** EXTRACTED MATERIAL follows **
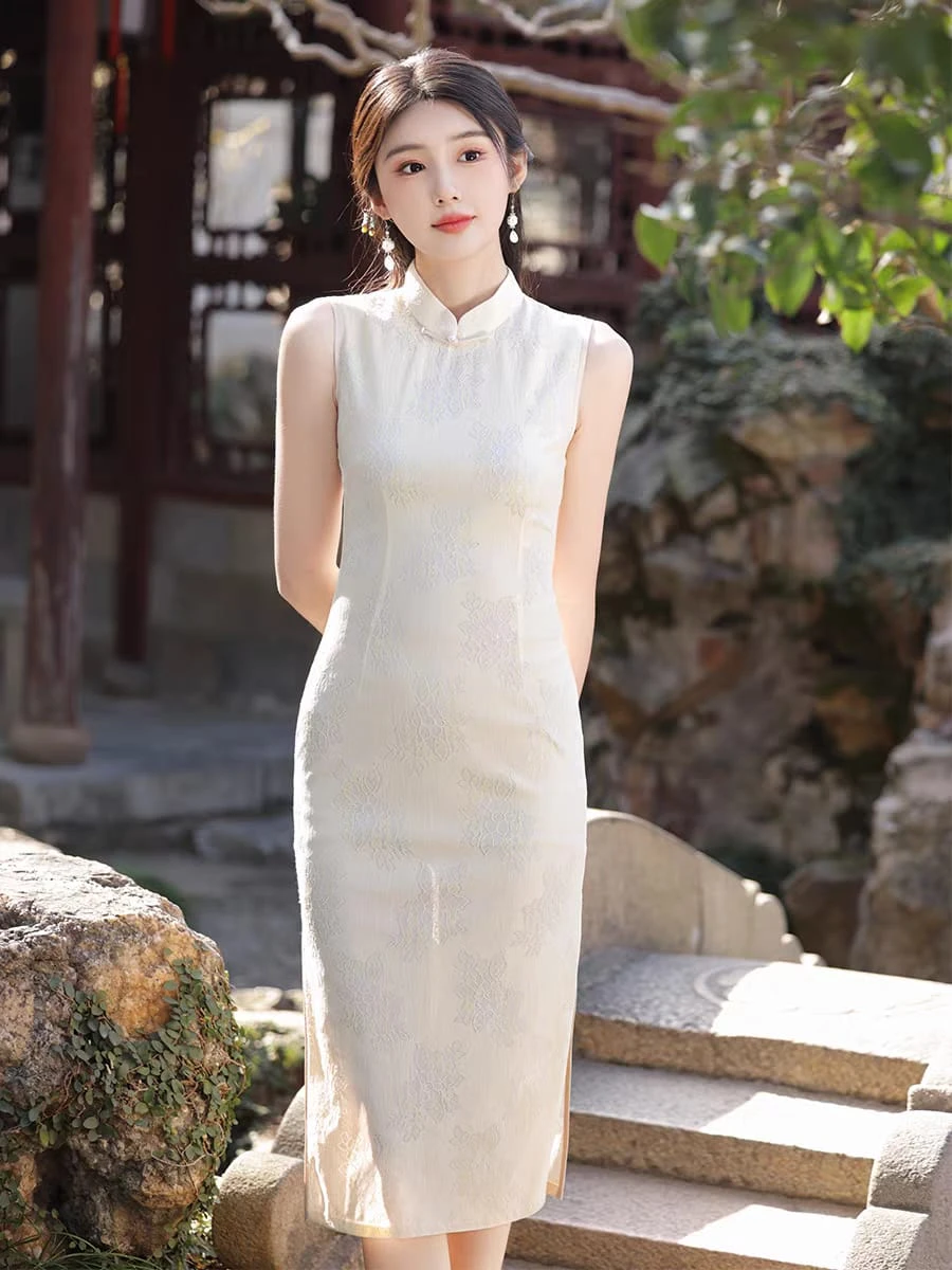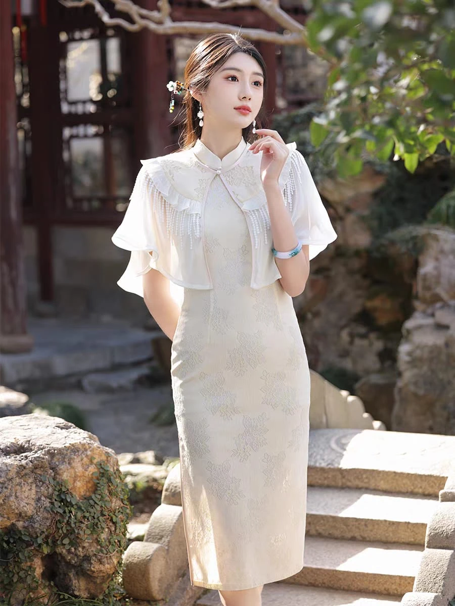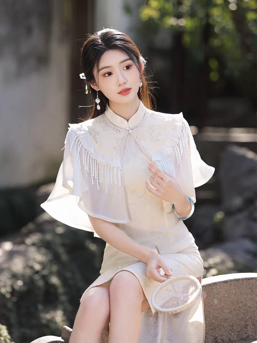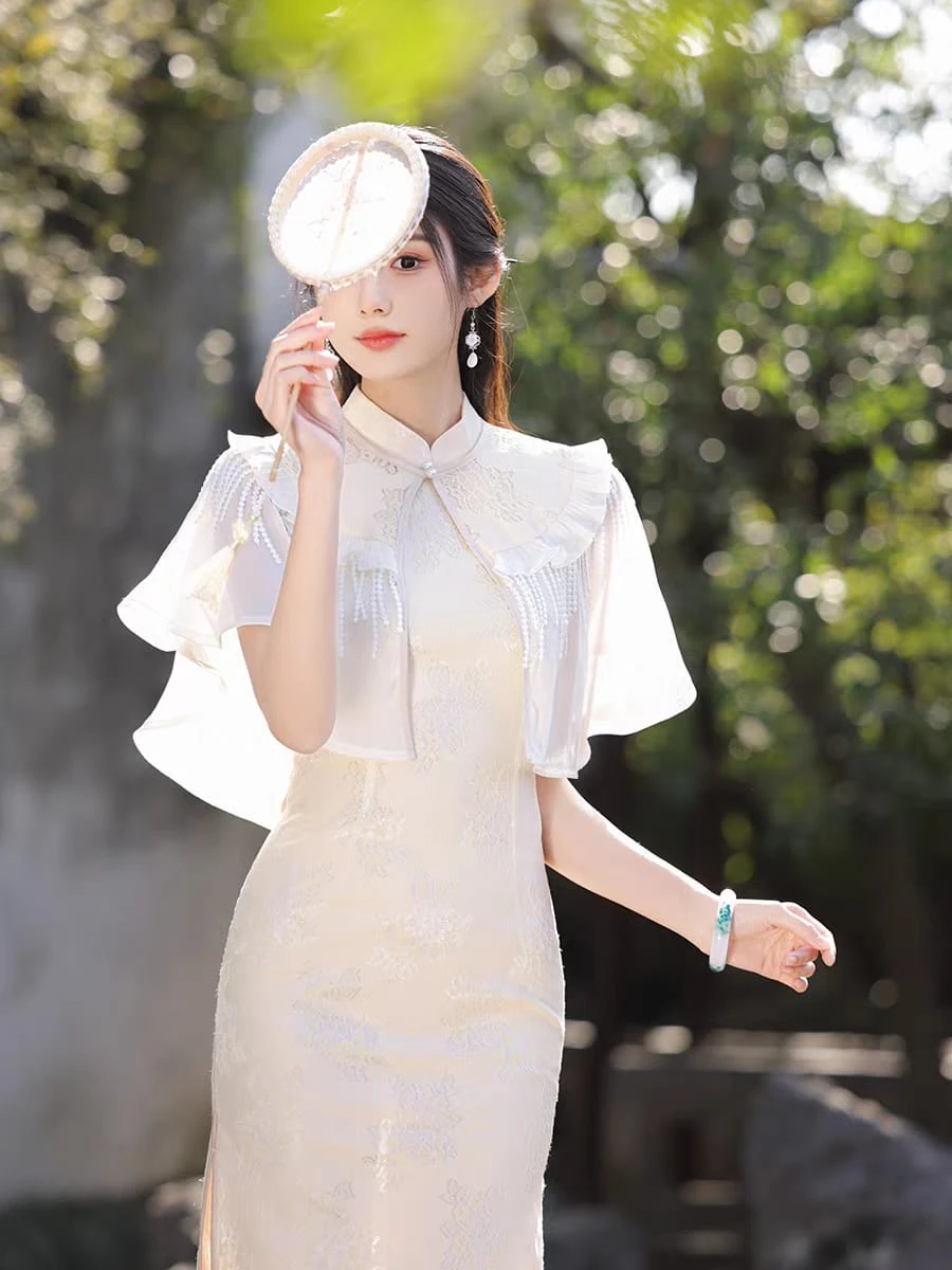 Qipao sin mangas con capa de tul
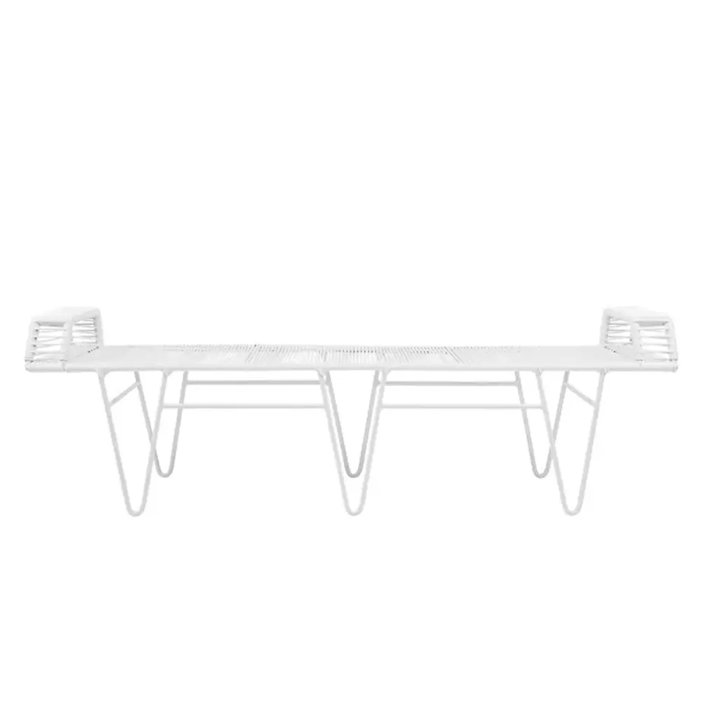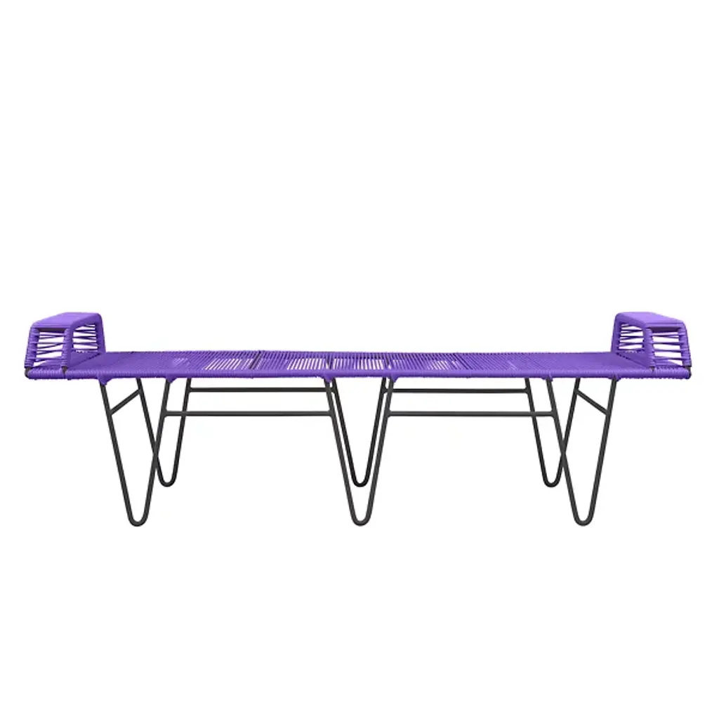 A statement-making piece with no shortage of style. Taking cues from traditional Mexican craftsmanship, the Pelopin Bench from Innit Designs makes a splash inside or outside as comfortable seating for three. It draws your eyes with a snazzy silhouette emphasized by a sequence of tapered legs. Made in steel, the angular frame delivers a refined look and a sturdy base. Over the top, artisans hand wrap cords of UV-resistant vinyl to create a comfortable seating experience emphasized by a breathable feel. Low-profile armrests flanking the seat serve as a final touch showcasing the fine vinyl pattern.
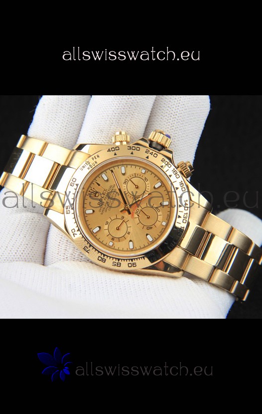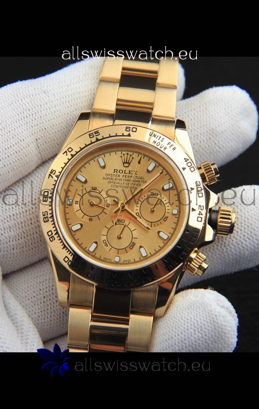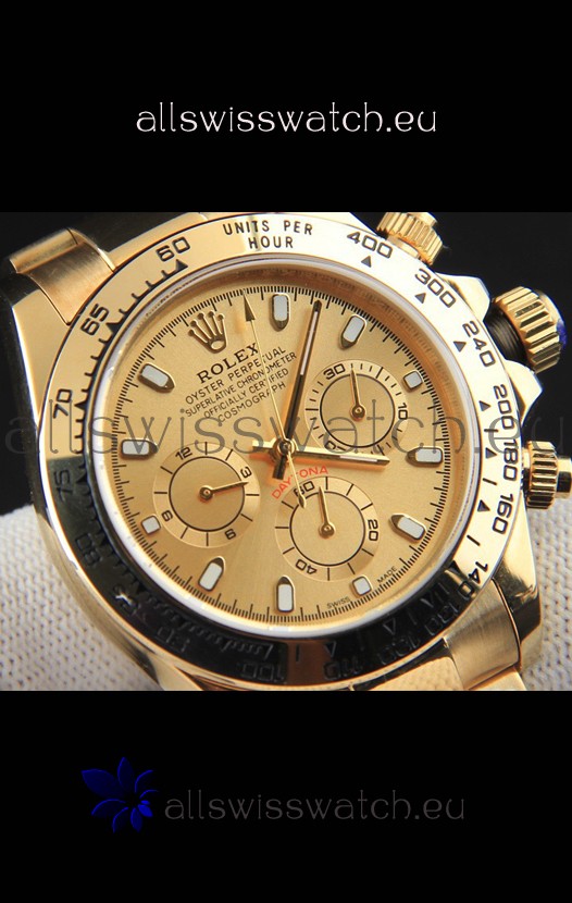 You're reviewing: Rolex Daytona Japanese Movement Gold Casing Replica Watch in Gold Dial
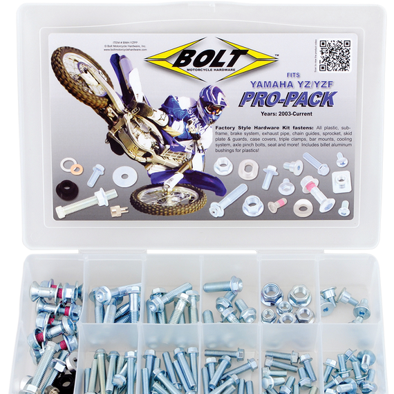 Caracteristicas: Has model specific kits This kit contains 190 pieces of OEM-style hardware in factory style and finish including: factory-style bushing for the bodywork, shroud bolts, seat bolts, sub-frame bolts, fork guard bolts, rotor bolts, a full set of sprocket bolts, T-nuts, rim lock spacers, valve stem grommets and caps, chain adjuster screws, Fuji lock nuts, pan head screws, M8 and M6 flange bolts and drain plug washers
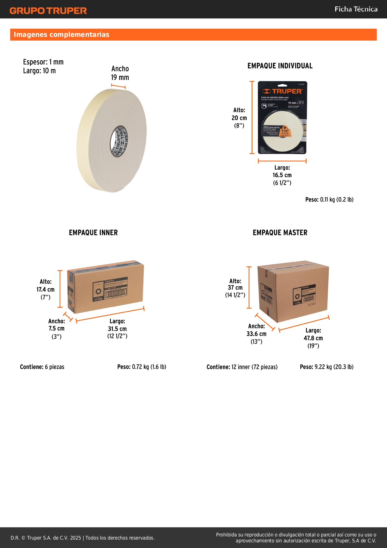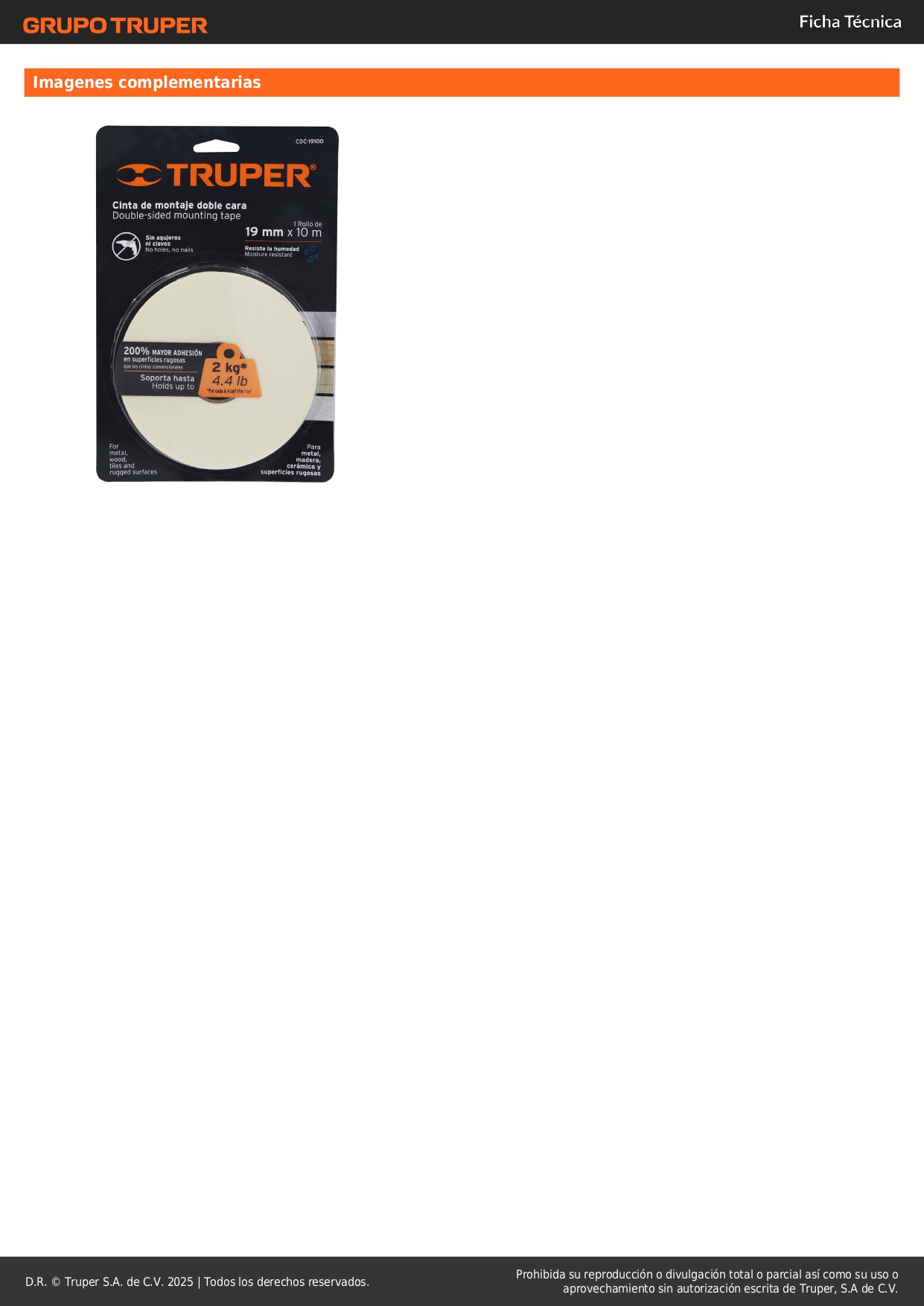 Cinta doble contacto de 19 mm x 10 m Truper
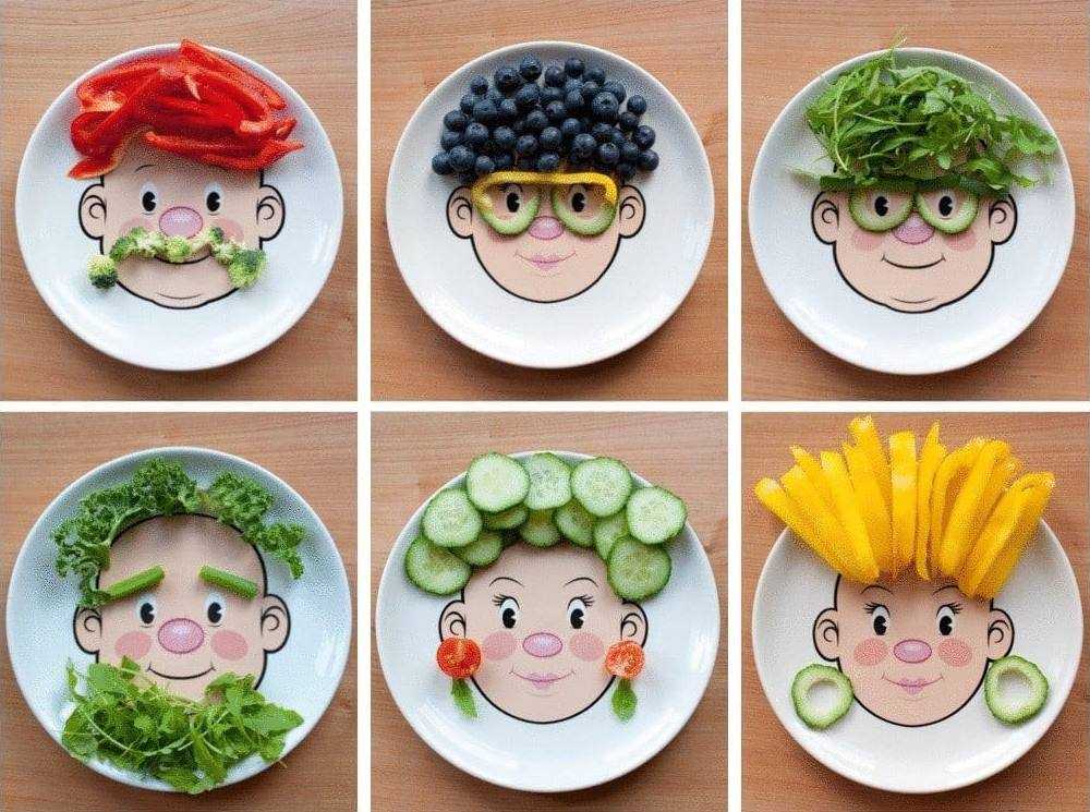 Овощи и фрукты, разрезанные на небольшие фигурки, будут привлекательными для детей. Делайте овощные полоски или выкладывайте на тарелке разные интересные фигуры (бабочки, цветок, пальму, краба и тому подобное). Находите и рассматривайте яркие рисунки, на которых изображены дети, которые с удовольствием смакуют овощные блюда.
** End of EXTRACTED MATERIAL **
• WHAT THIS TASK INVOLVES:
Every record above must be repeated exactly, with the pictures dropped.

• SOLUTION:
 Qipao sin mangas con capa de tul
 A statement-making piece with no shortage of style. Taking cues from traditional Mexican craftsmanship, the Pelopin Bench from Innit Designs makes a splash inside or outside as comfortable seating for three. It draws your eyes with a snazzy silhouette emphasized by a sequence of tapered legs. Made in steel, the angular frame delivers a refined look and a sturdy base. Over the top, artisans hand wrap cords of UV-resistant vinyl to create a comfortable seating experience emphasized by a breathable feel. Low-profile armrests flanking the seat serve as a final touch showcasing the fine vinyl pattern.
 You're reviewing: Rolex Daytona Japanese Movement Gold Casing Replica Watch in Gold Dial
 Caracteristicas: Has model specific kits This kit contains 190 pieces of OEM-style hardware in factory style and finish including: factory-style bushing for the bodywork, shroud bolts, seat bolts, sub-frame bolts, fork guard bolts, rotor bolts, a full set of sprocket bolts, T-nuts, rim lock spacers, valve stem grommets and caps, chain adjuster screws, Fuji lock nuts, pan head screws, M8 and M6 flange bolts and drain plug washers
 Cinta doble contacto de 19 mm x 10 m Truper
 Овощи и фрукты, разрезанные на небольшие фигурки, будут привлекательными для детей. Делайте овощные полоски или выкладывайте на тарелке разные интересные фигуры (бабочки, цветок, пальму, краба и тому подобное). Находите и рассматривайте яркие рисунки, на которых изображены дети, которые с удовольствием смакуют овощные блюда.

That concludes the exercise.